Please print, exactly, only the lines in the entries below from the line that has "Vintage brass horse" through the line that has "Havva 短袖镂空针织开衫舒适透气外搭叠穿女士半袖上衣2025夏季". Pictures don't go in.
(Information provided)
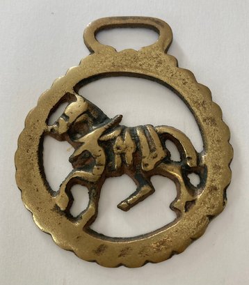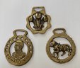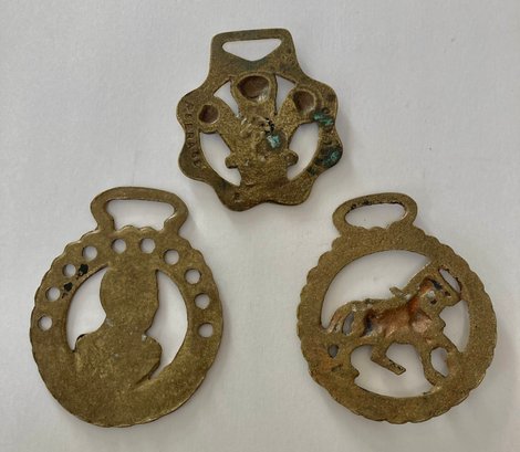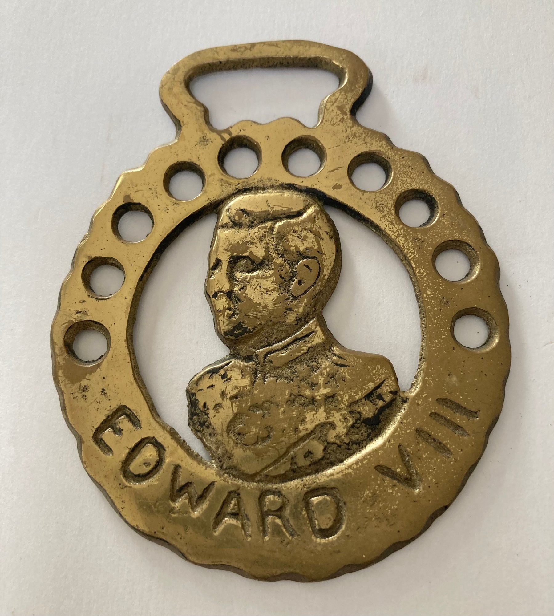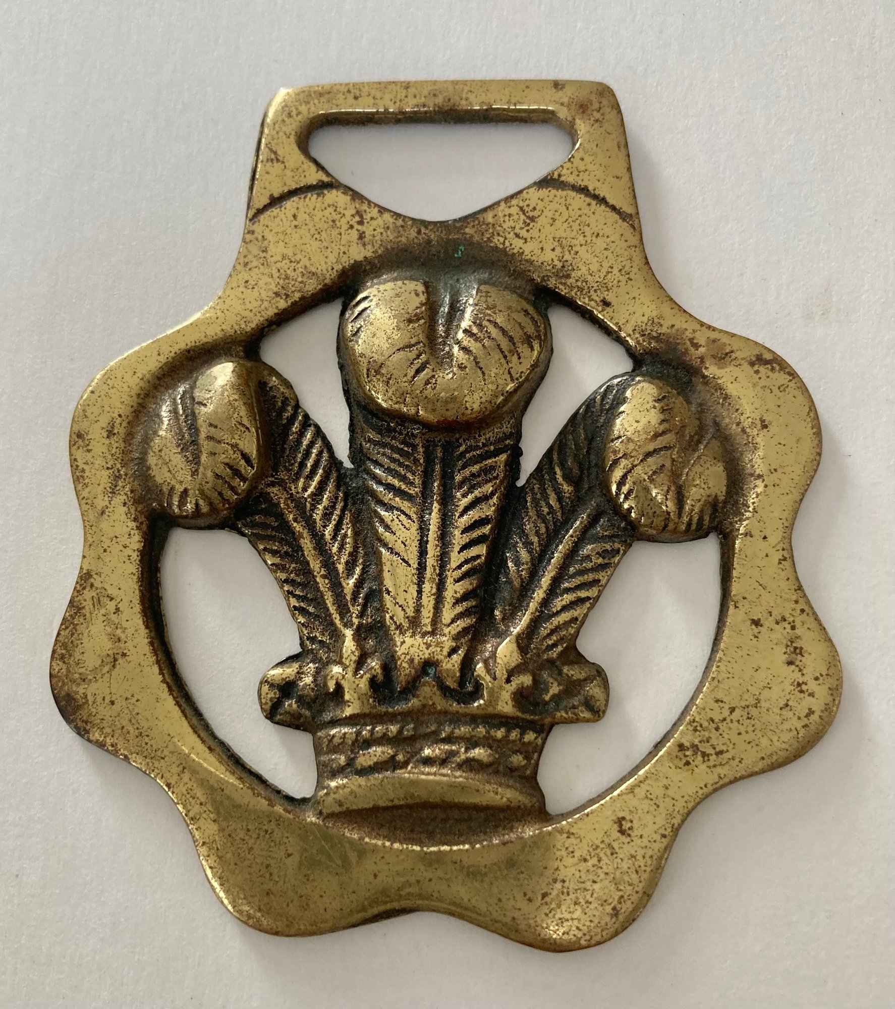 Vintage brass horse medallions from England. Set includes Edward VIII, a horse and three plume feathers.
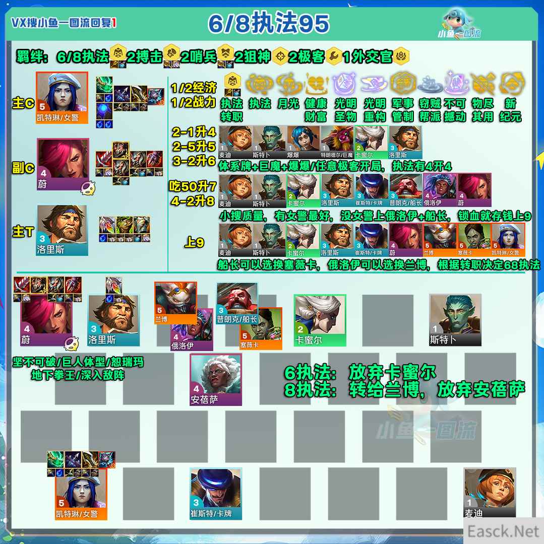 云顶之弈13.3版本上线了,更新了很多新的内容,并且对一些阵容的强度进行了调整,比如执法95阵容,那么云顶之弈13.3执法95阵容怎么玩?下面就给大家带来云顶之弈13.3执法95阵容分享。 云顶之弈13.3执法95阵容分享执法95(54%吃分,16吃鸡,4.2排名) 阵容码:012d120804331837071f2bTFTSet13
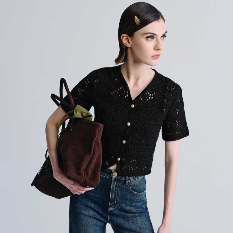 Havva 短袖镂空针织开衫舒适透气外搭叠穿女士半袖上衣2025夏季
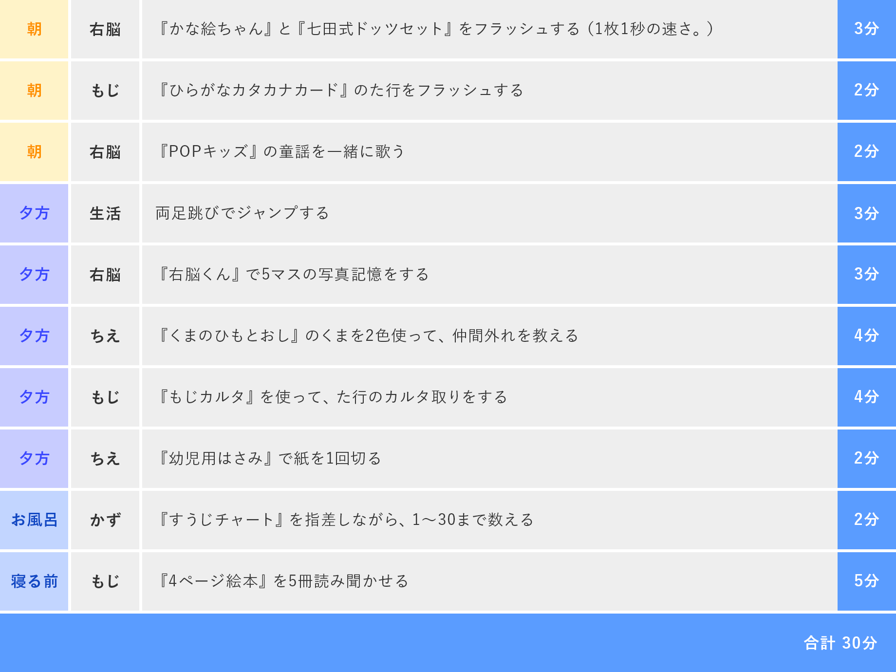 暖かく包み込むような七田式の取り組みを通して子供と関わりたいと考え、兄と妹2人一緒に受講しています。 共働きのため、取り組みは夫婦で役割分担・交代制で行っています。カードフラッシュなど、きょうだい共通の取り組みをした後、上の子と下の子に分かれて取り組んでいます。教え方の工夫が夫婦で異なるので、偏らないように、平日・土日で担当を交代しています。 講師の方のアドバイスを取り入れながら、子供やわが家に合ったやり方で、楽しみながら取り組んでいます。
(End Information provided)
(Information provided)
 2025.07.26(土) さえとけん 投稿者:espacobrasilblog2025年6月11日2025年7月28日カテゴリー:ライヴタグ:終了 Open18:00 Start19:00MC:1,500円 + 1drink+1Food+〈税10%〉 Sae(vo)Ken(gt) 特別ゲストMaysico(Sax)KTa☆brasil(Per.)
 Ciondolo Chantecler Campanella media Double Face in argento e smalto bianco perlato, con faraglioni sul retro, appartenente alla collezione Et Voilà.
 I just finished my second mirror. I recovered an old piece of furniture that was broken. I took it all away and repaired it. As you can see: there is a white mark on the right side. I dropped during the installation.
(End Information provided)
Answer to the problem.
 Vintage brass horse medallions from England. Set includes Edward VIII, a horse and three plume feathers.
 云顶之弈13.3版本上线了,更新了很多新的内容,并且对一些阵容的强度进行了调整,比如执法95阵容,那么云顶之弈13.3执法95阵容怎么玩?下面就给大家带来云顶之弈13.3执法95阵容分享。 云顶之弈13.3执法95阵容分享执法95(54%吃分,16吃鸡,4.2排名) 阵容码:012d120804331837071f2bTFTSet13
 Havva 短袖镂空针织开衫舒适透气外搭叠穿女士半袖上衣2025夏季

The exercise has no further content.